La question de l'accès à l'eau est également à l'ordre du jour avec cet été extrêmement chaud et sec.

"La première de nos priorités demeure évidemment l'alimentation en eau potable qui est déjà sous tension dans plusieurs territoires, plus précisément aujourd'hui dans 50 départements français", a dit Monique Barbut.

"Plus de 40.000" personnes sont affectées par des coupures d'eau du robinet, selon le gouvernement.

La situation des petits cours d'eau est "la plus critique jamais enregistrée à cette période" de l'année, avec 43% d'entre eux, soit près de 1.370 cours d'eau, qui présentent des ruptures d'écoulement ou des assecs, a indiqué la ministre.

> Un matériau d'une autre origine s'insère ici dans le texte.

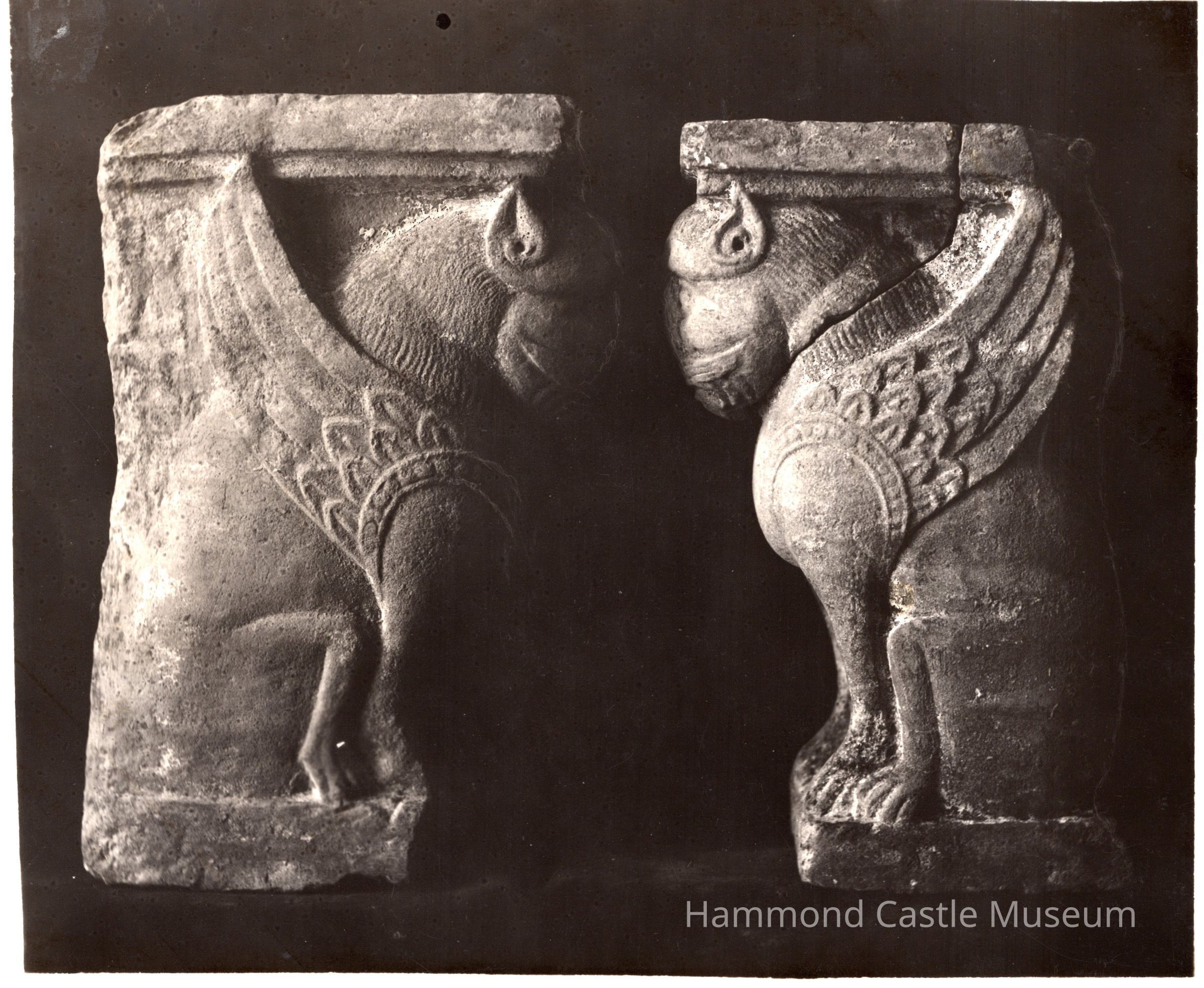 Set of 2 griffin-shaped corbels. Used to support bench on courtyard bridge

Ce nouvel épisode caniculaire est la poursuite et l'amplification d'une vague de chaleur entamée le 28 juillet.

Jeudi matin, dans le train entre Rennes et Vannes, Ronan Turbé, âgé de 25 ans, raconte avoir souffert de la chaleur pendant la nuit.

"On ne dort pas beaucoup", regrette l'ingénieur âgé de 25 ans. "Il fait très chaud dans l'appartement : 28°C, alors que j'ai aéré toute la nuit. Et j'ai mis les ventilateurs à fond. De toute façon, on n'a pas le choix, on subit."

"On est dans le noir une grande partie de la journée", assure Bastien Regret, ingénieur. "On utilise un ventilateur, ce qui n'était pas le cas auparavant", indique le trentenaire, tout en veillant à bien hydrater sa petite fille.

L'Ile-de-France sera touchée par un épisode de pollution à l'ozone, avec un "probable dépassement" du seuil de recommandation. Aussi, dans un communiqué, le préfet de police demande de "différer si possible" les déplacements routiers et de réduire la vitesse des véhicules.

Il s'agit de la troisième vague de chaleur de l'été, après celle exceptionnellement intense de fin juin et celle du 4 au 19 juillet, parmi les plus longues jamais enregistrées. Avant cela, un épisode caniculaire précoce avait eu lieu fin mai.

Dans le contexte du réchauffement climatique lié aux activités humaines, ces périodes de fortes chaleurs sont plus fréquentes, intenses et étendues sur l'année.